Kanwar Sandhu is an Indian politician and journalist. He was elected as a member of Punjab Legislative Assembly from Kharar in 2017. He did not contest the 2022 Assembly Elections.

Personal life 
Kanwar Sandhu was born in 1955 in Sri Ganganagar, to father Hari Singh Sandhu and mother Rajbans Sandhu.His ancestors were from an agricultural family and with army background from Lahore division of Central Punjab.His family was allotted a piece of agricultural land in Sargodha district of West Punjab.

Later on his family moved to Sri Ganganagar in Rajasthan.

Education 
He did his schooling from Punjab Public school, Nabha in 1970. He went on to do B.A. from GNDU, Amritsar in 1974.After graduating with B.A., he did M.A. in English Literature from GNDU, Amritsar in 1976.Afterwards Sandhu did Bachelor of Journalism from Panjab University in 1977.

Journalism
Kanwar Sandhu started his journalism career with the North Western India's premier English language newspaper "The Tribune”. During the days of militancy, he worked with the "India Today" news magazine. Later on, Sandhu served as resident editor at the "Indian Express".

He has also served as the resident editor for "Hindustan Times".
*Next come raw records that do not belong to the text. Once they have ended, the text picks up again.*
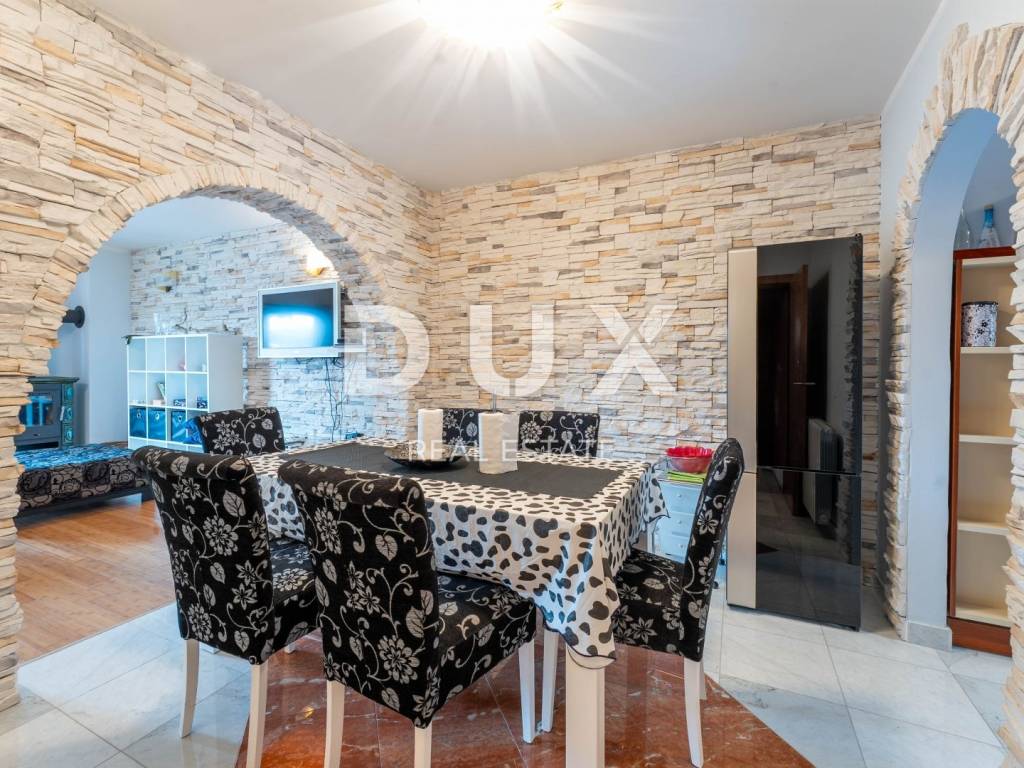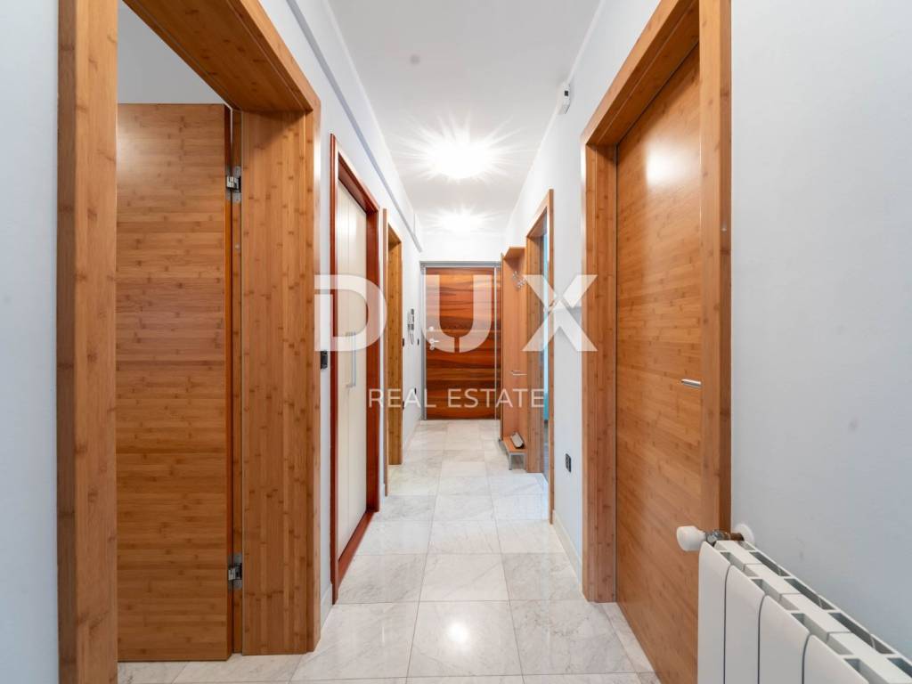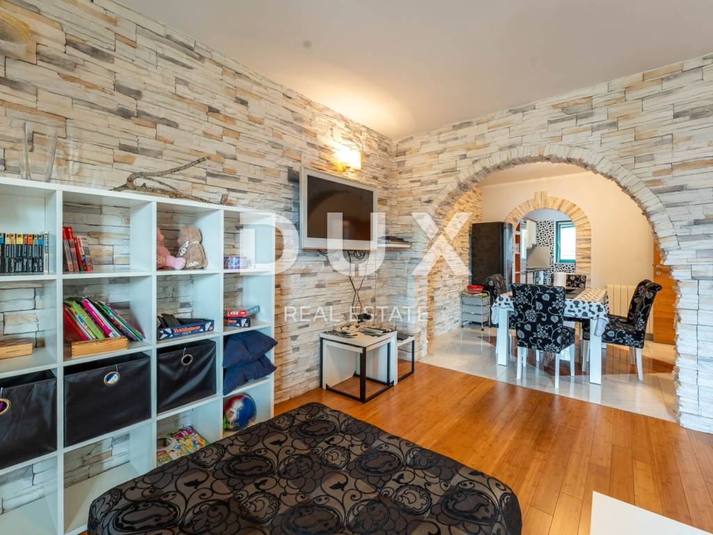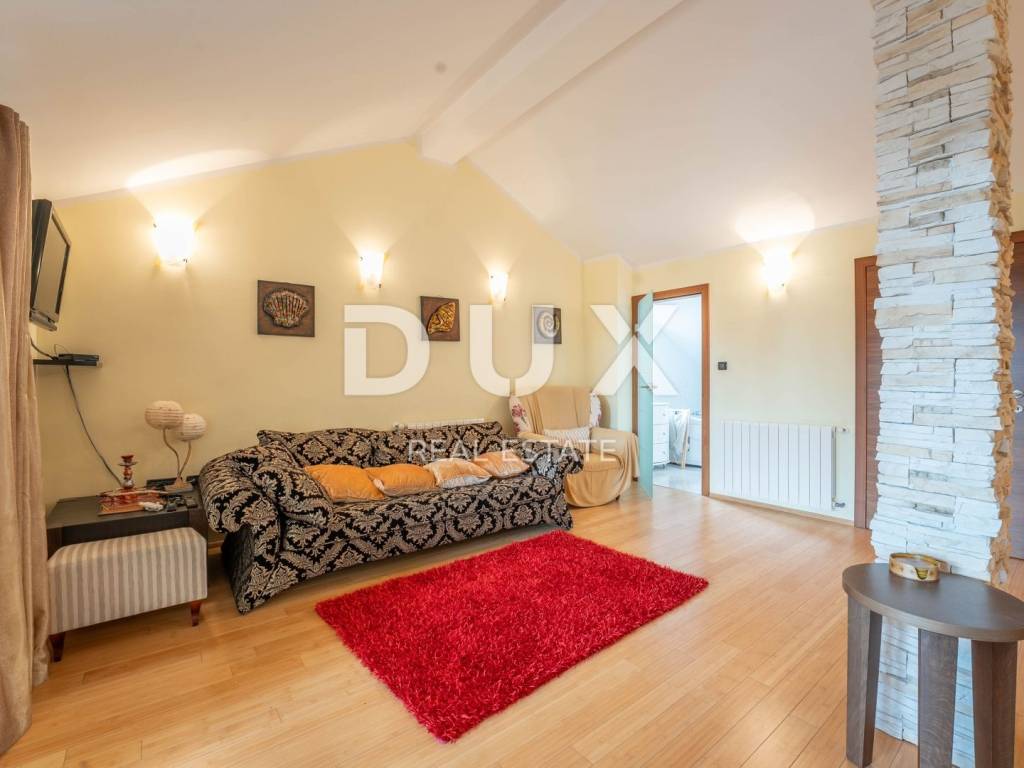 We present to you this semi-detached villa in the center of Opatija located in the peaceful surroundings of Opatija Villas, just a two-minute walk from the sea. The villa is architecturally impressive and extends over four floors, providing an excellent layout for comfortable family life and relaxation. Basement: In the basement there is a small, charming studio apartment of 23m2 consisting of a bathroom, a bedroom and a small kitchenette with a dining area. In front of the entrance to the apartment there is a large terrace for relaxation. Ground floor: On the ground floor there is a beautiful two-bedroom apartment of 83m2 consisting of an open space area that combines a kitchen with a dining area and a living room with a tiled stove, two bedrooms and a bathroom. The southern orientation of the living room ensures plenty of natural light and an unobstructed view of the sea. The living room opens onto a terrace, and one room onto a balcony. 1st Floor: On the first floor there is a beautiful two-storey apartment of 155m2. The lower floor consists of an open space area that combines a kitchen with a dining room and a living room with a beautiful fireplace, a bathroom with a hydromassage shower and two bedrooms. On the upper floor there are two bedrooms ideal for guests or children and a bathroom with a bathtub. The southern orientation of the living room on the ground floor and on the first floor ensures plenty of natural light and an unobstructed view of the sea. The living room on both floors opens onto a large terrace with a stunning view of the sea. The entire villa has electric central heating and is air-conditioned in the bedrooms and living room, providing maximum comfort throughout the year. The spacious and fenced garden includes a private pedestrian and private entrance for parking for two vehicles and a space for socializing with a large barbecue. This villa offers the perfect balance between privacy and comfort, in a quiet environment away from the noise of the city, but close to all necessary amenities and the beautiful Adriatic Sea.
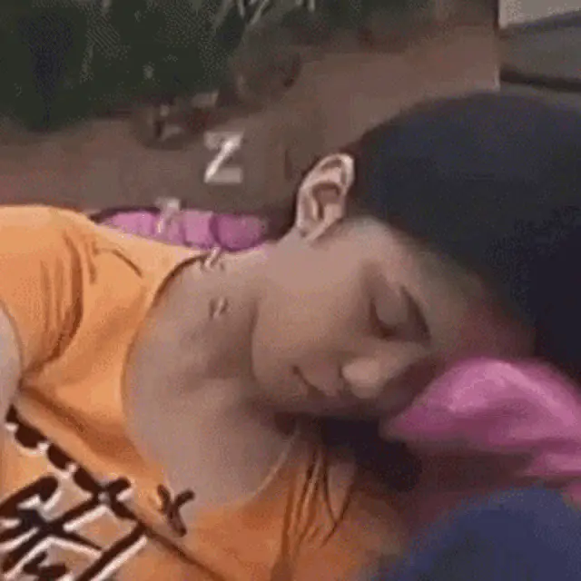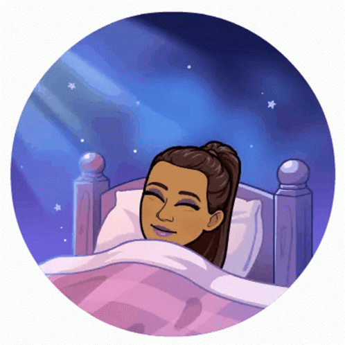 An animated cartoon girl with a ponytail sleeps soundly in her bed under a starry night sky.
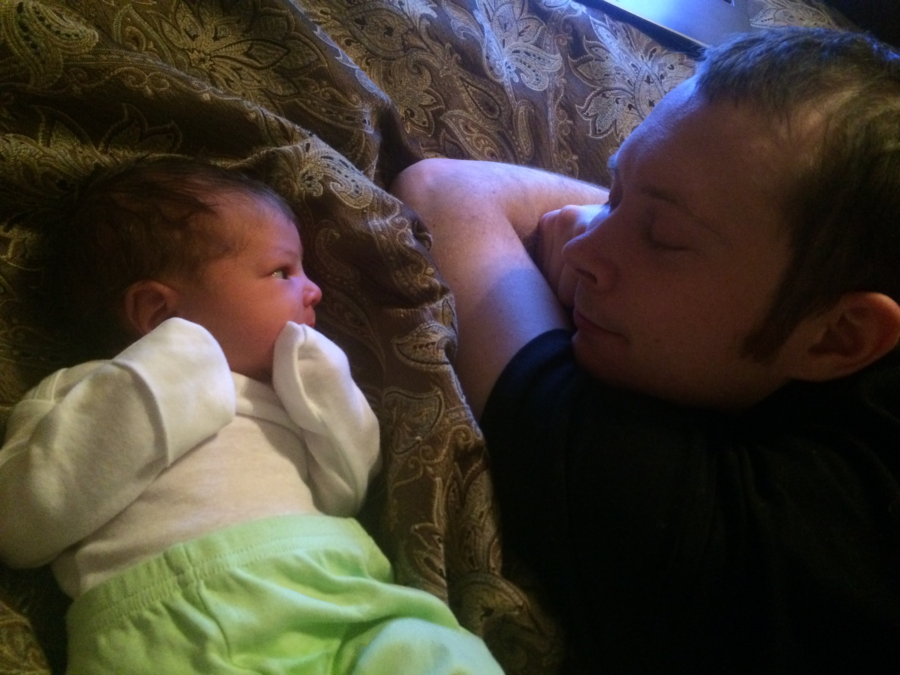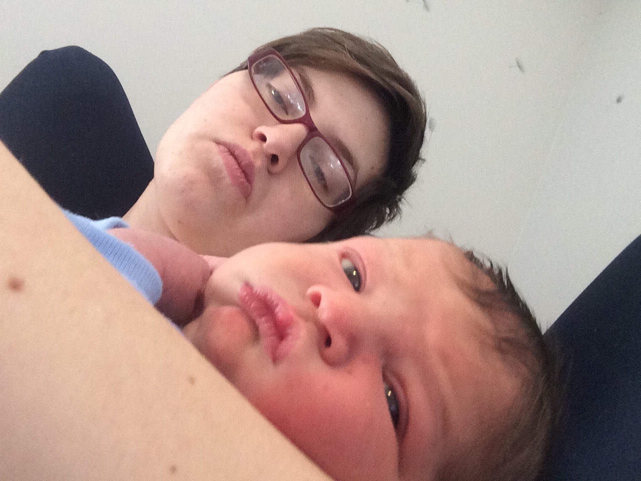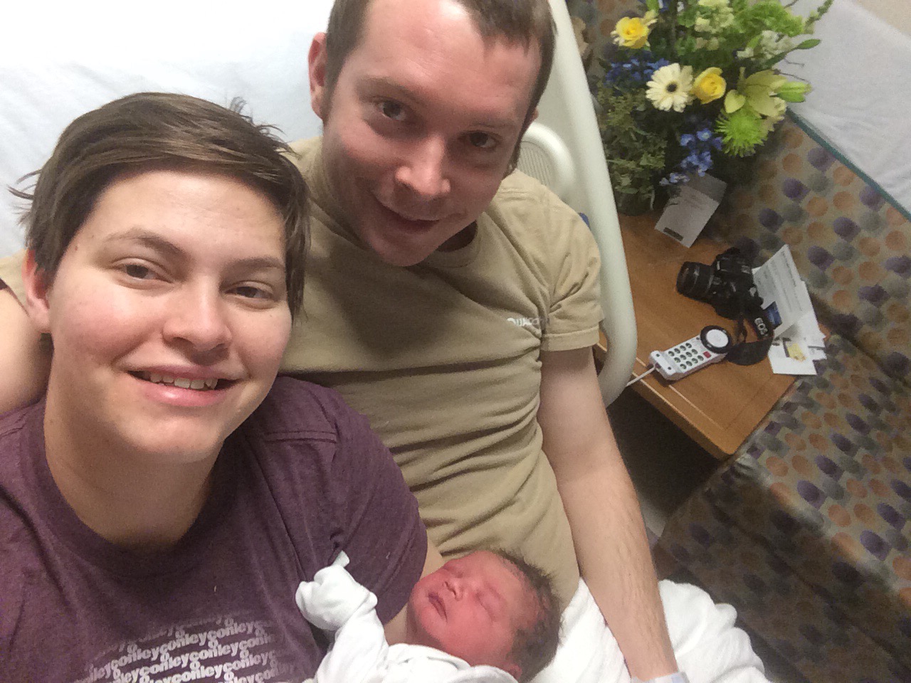 With both babies I was immediately wide awake as soon as they were born, however this time around I started to crash quickly and I told Chris and the nurse I wouldn’t be able to breastfeed because I couldn’t stay awake. I remember thinking how strange it was that after everything I’d just gone through I couldn’t hold it together enough to breastfeed for 20 minutes. Fortunately the nurse recognized that I wasn’t so much falling asleep as passing out and was able to get me some sugary foods and adjust my iv to help me stay awake. I had some low blood pressure issues this pregnancy that resulted in my passing out some in my second trimester, and this was evidently more of the same. Because my blood pressure was so low they weren’t able to remove us to the recovery room for an extra couple hours so we were able to get a little bit of sleep after he ate.

In 2010, Sandhu organized a multi-language TV channel known as “DAY & NIGHT NEWS”. This channel gave full coverage to all the divergent political points of view. His show "HELLO NORTH AMERICA" which was aired on this news channel became an instant hit.

Sandhu later joined "The Tribune" as its executive editor. He has also served as managing editor of "Day & Night News TV".

Political career 

Kanwar Sandhu defeated the veteran leader Jagmohan Singh Kang by a margin of over 2000 votes. He was elected as a member of Punjab Legislative Assembly from Kharar in 2017 on an Aam Aadmi Party ticket.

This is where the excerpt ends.